▶ What is required: Transcribe the listing below word for word but skip its images.
(Collected data begins)
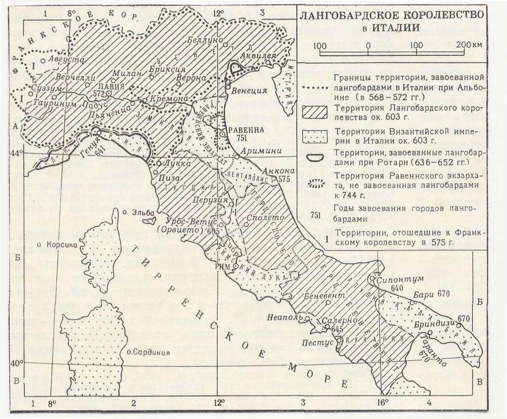 Лангобардское королевство в Италии. (186 кб). Источник: Советская историческая энциклопедия. М. 1976 (Любезно предоставлена Дьяконовым И. В.)
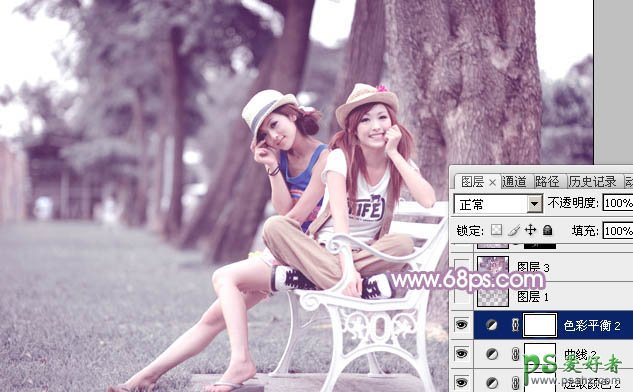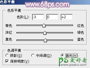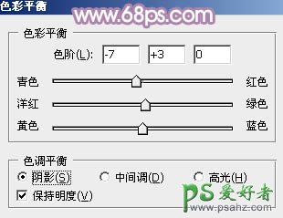 7、创建色彩平衡调整图层,对阴影,高光进行调整,参数及效果如下图。这一步主要给图片暗部增加蓝色。
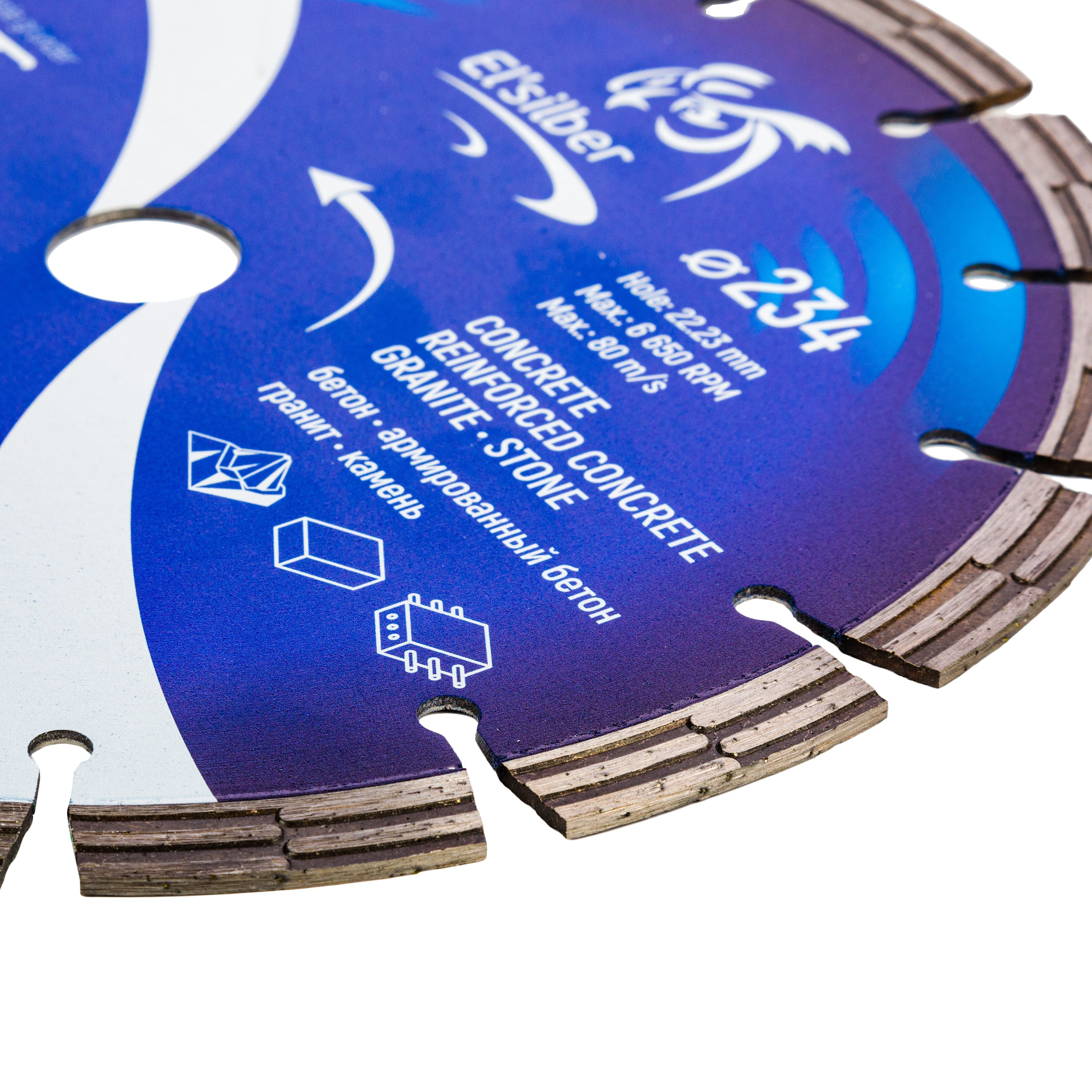 Круг алмазный 1A1RSS/HTW "VerstarKT" Elsilber - специальная разработка для решения строительных задач широкого спектра. Выпускаются диаметрами 129, 150, 234 и 354 мм. Продвинутая форма сегментов обеспечивает дополнительное эффективное охлаждение при полном погружении режущей части в материал. Диск универсален для работы с твердыми материалами, используется в работе с бетоном, армированным и высокоармированным бетоном. Применим для работ по штроблению под электропроводку и водопровод.
(Collected data ends)
▶ Exercise answer:
 Лангобардское королевство в Италии. (186 кб). Источник: Советская историческая энциклопедия. М. 1976 (Любезно предоставлена Дьяконовым И. В.)
 7、创建色彩平衡调整图层,对阴影,高光进行调整,参数及效果如下图。这一步主要给图片暗部增加蓝色。
 Круг алмазный 1A1RSS/HTW "VerstarKT" Elsilber - специальная разработка для решения строительных задач широкого спектра. Выпускаются диаметрами 129, 150, 234 и 354 мм. Продвинутая форма сегментов обеспечивает дополнительное эффективное охлаждение при полном погружении режущей части в материал. Диск универсален для работы с твердыми материалами, используется в работе с бетоном, армированным и высокоармированным бетоном. Применим для работ по штроблению под электропроводку и водопровод.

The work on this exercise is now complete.